How do I fix "Error 503" when accessing the DataFacet taxonomy Service Application?

 
The "Error 503" refers to the fact that the DataFacet web service application is not available for some reason.  The most common reason is that the application pool associated with the web service application cannot be started because of invalid credentials.   If you installed DataFacet under a specific account and then later changed the password or privileges of that account, then the DataFacet application service will not start because it's application pool will not start.
1) Make note of the time.  If you can afford the luxury, you may want to clear out the system and application event logs to make it easier to spot error messages - but it is not necessary at all.
2) Run IISRESET to try to restart all of the SharePoint application services.
3) After IISRESET has run, make sure that SharePoint Central Administration and the Managed Metadata service are both up and running by visiting them in the browser.
4) Click on the DataFacet service application link.   If the page shows, you probably just needed a remedial IISRESET and you are good to go.
5)  If you get the 503 error again, go to the event log and look for a succession of two warnings and an error from the WAS Source:

It is recommended to have separate columns for each term set instead of clumping them all into one. - If a document is checked out by the user and the annotator is run, what will happen? Will the annotator still index and tag?*** YES

Can DataFacet be installed directly on a live (production) server?

Yes - but please don't. DataFacet will require at least one IIS reset before going live. Plan on about an hour of down-time to upgrade to a new version of DataFacet on a production server.

Does DataFacet require Managed Metadata service application?

Yes. DataFacet will not operate without a working Managed Metadata Service. You will need to configure an Enterprise Keywords service application.

Does the DataFacet support term change auditing?

For example:  a term that has been edited or a rule added; is this audited and accessible from the Central Admin Server App user interface?
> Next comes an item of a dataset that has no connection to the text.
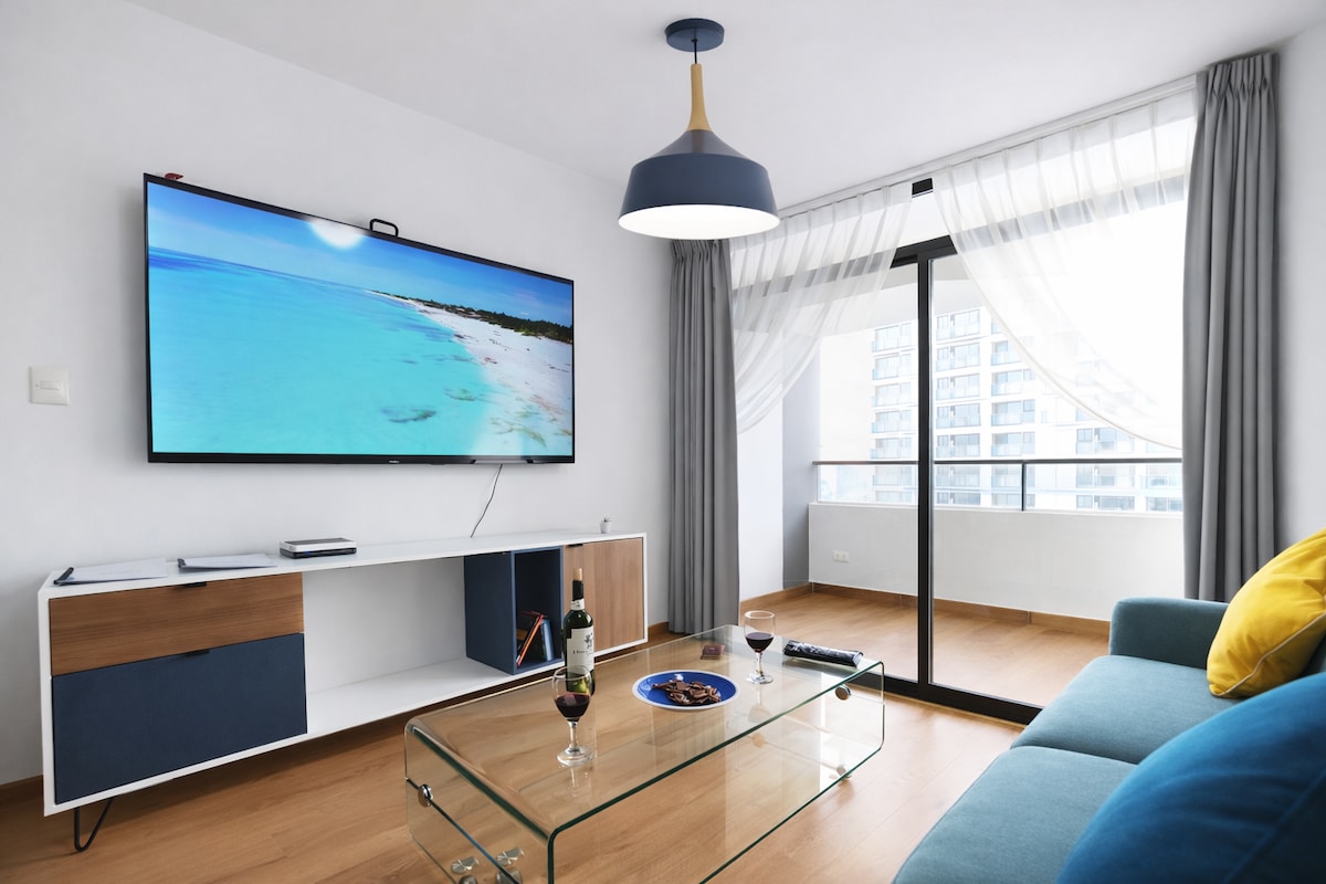 The apartment is located near the airport and 15 minutes from Miraflores by the beach circuit. You can enjoy an ocean view from all the rooms. We have transportation service and 24/7 guest support. The apartment is fully equipped, high-speed hot water, Wi-Fi, 2 55" TVs, and has a panoramic pool on the top floor, as well as a sauna and gym.

We do have logging, but it has not been designed specifically for auditing purposes. Better logging and auditing support is planned for a future release.

How does Datafacet handle multiple SharePoint instances?

For example: DEV, PROD, and TEST and the subsequent synchronization of terms across the various environments? You can export DataFacet taxonomies to the industry-standard SKOS format and import them into another SharePoint farm. We have a user story for a more automated process, but for now, this approach can be automated with PowerShell.

If I change a term in one language, will it affect the same term in a different language in another taxonomy?

Currently changes to one translation of a taxonomy will not change the translation of the term in another taxonomy as they are separate objects.

We have SharePoint 2007. What Search Engines are supported?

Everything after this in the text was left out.